Output exactly, in the material below, the lines from the one with "Und weil Nudelsalat" through the one with "粉体物料与粘合剂在圆筒形容器". Omit all pictures.

■ Data under study:
━━━━━━━━

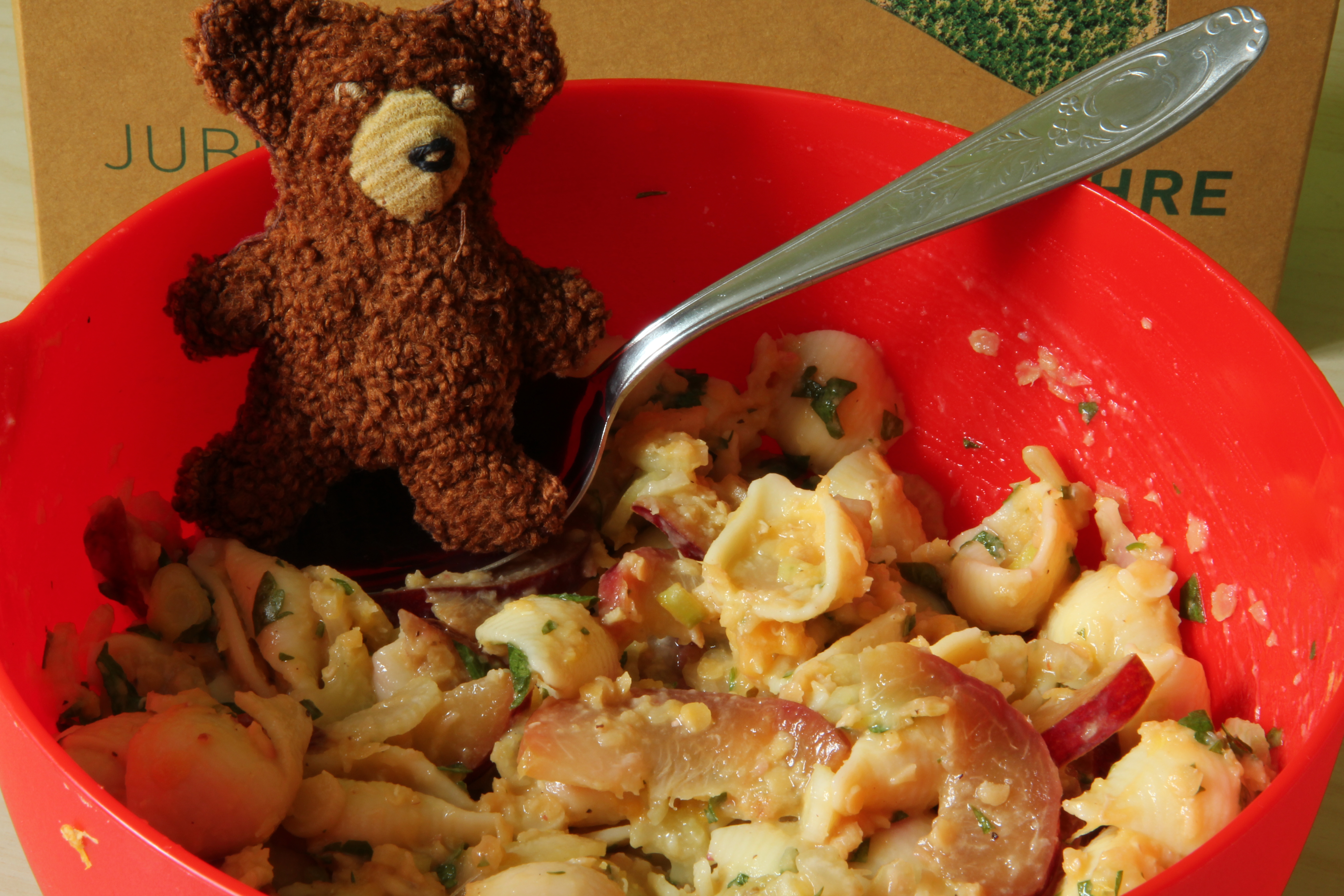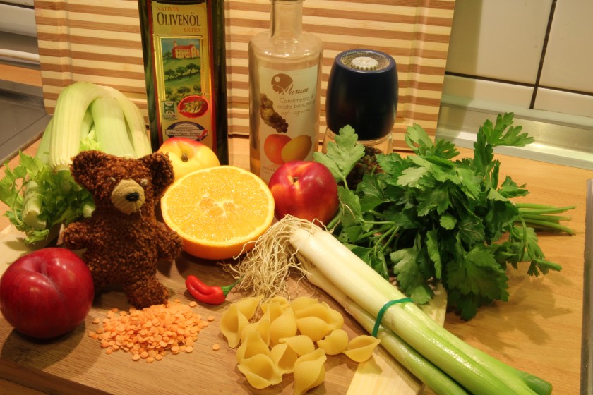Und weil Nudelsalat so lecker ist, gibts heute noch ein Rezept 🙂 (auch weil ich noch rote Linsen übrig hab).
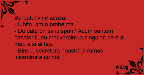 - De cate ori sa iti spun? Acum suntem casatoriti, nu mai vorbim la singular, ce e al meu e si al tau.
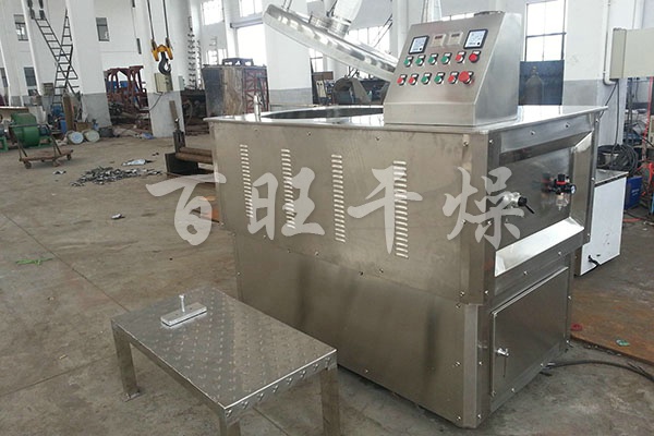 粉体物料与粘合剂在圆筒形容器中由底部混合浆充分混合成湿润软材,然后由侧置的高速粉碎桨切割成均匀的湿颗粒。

━━━━━━━━

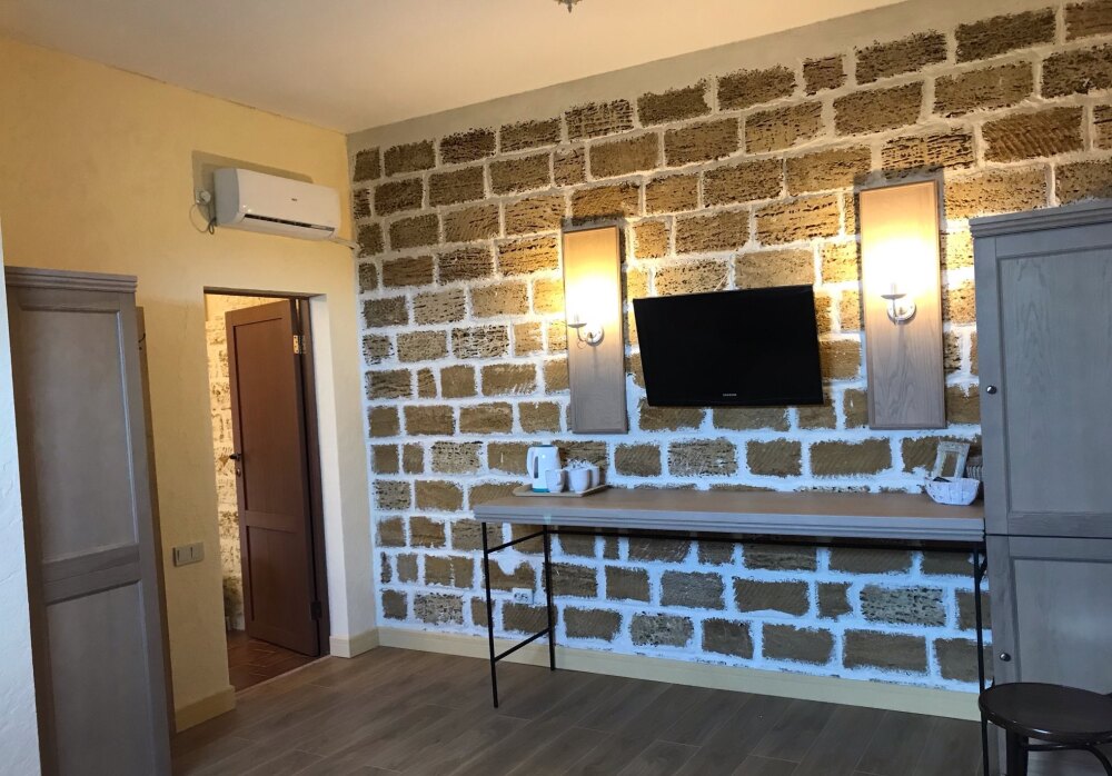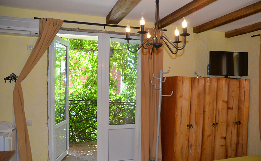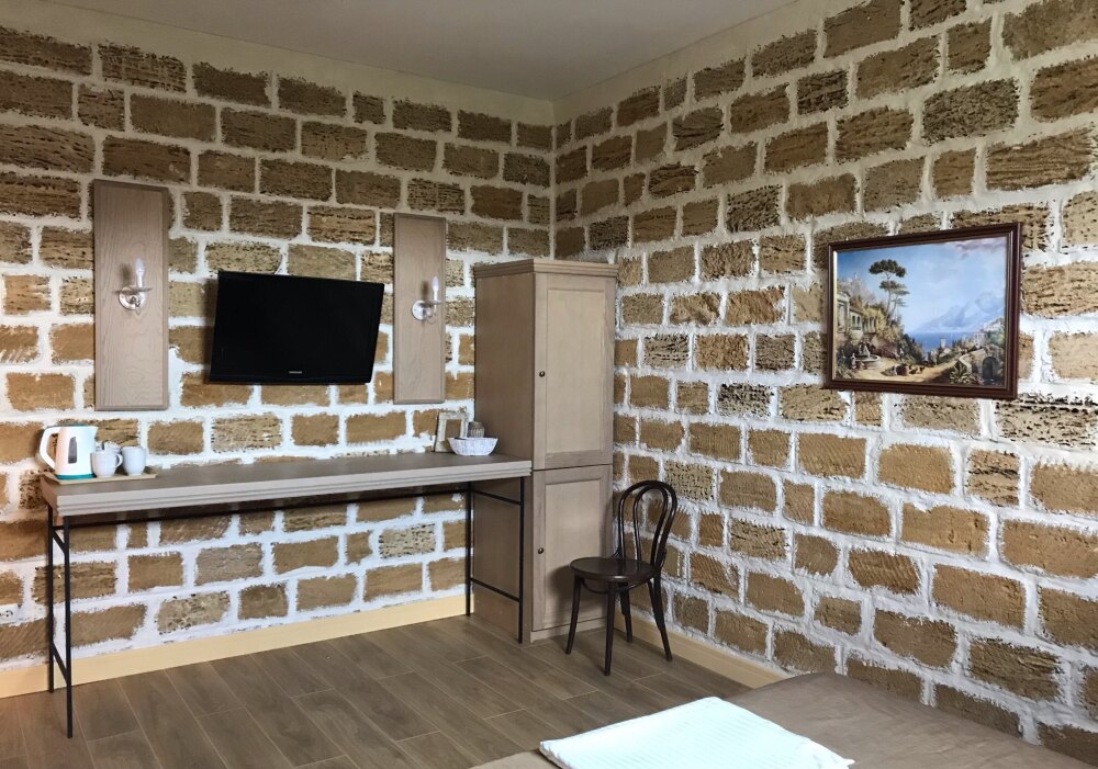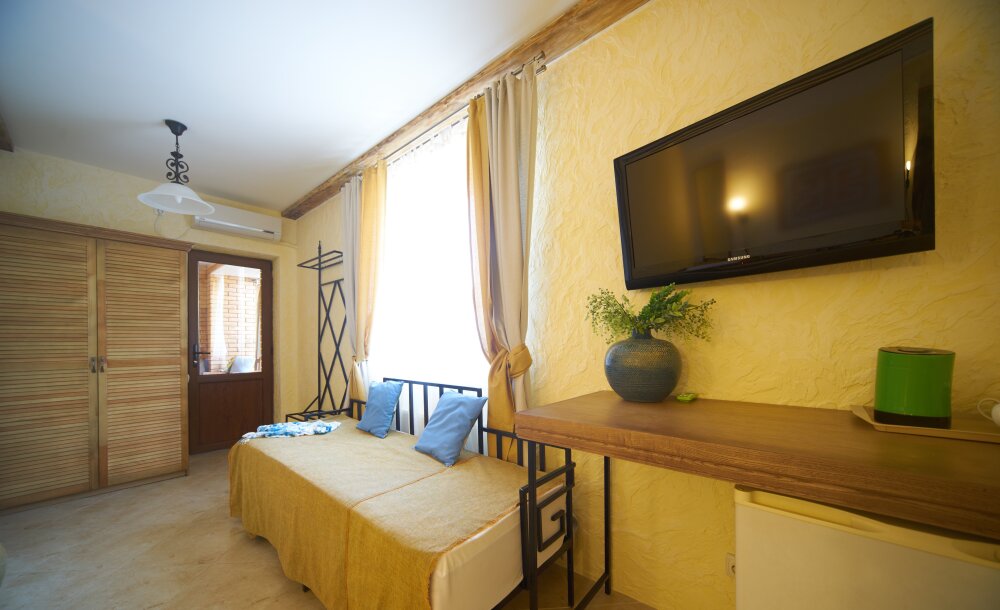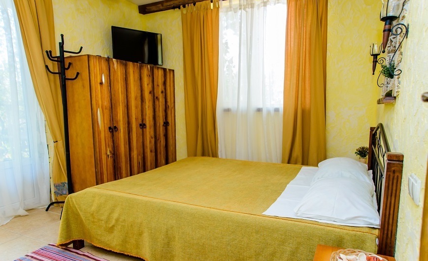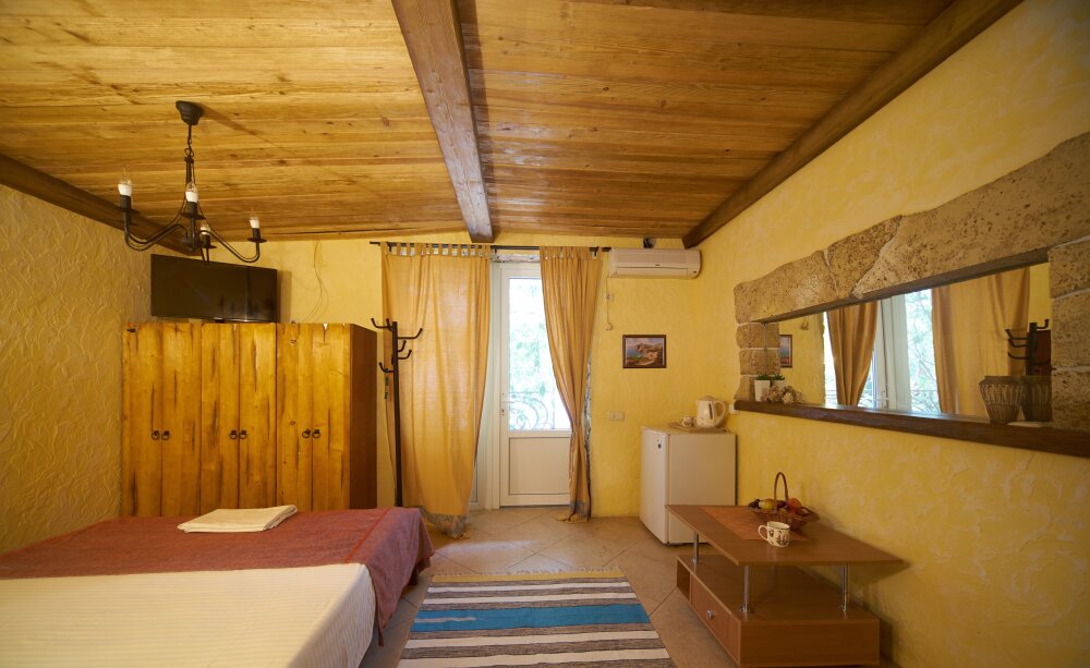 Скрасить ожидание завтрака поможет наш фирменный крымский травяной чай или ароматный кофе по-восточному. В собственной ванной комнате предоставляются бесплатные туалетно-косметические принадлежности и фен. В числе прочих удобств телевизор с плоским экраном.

━━━━━━━━

■ Written answer:
Und weil Nudelsalat so lecker ist, gibts heute noch ein Rezept 🙂 (auch weil ich noch rote Linsen übrig hab).
 - De cate ori sa iti spun? Acum suntem casatoriti, nu mai vorbim la singular, ce e al meu e si al tau.
 粉体物料与粘合剂在圆筒形容器中由底部混合浆充分混合成湿润软材,然后由侧置的高速粉碎桨切割成均匀的湿颗粒。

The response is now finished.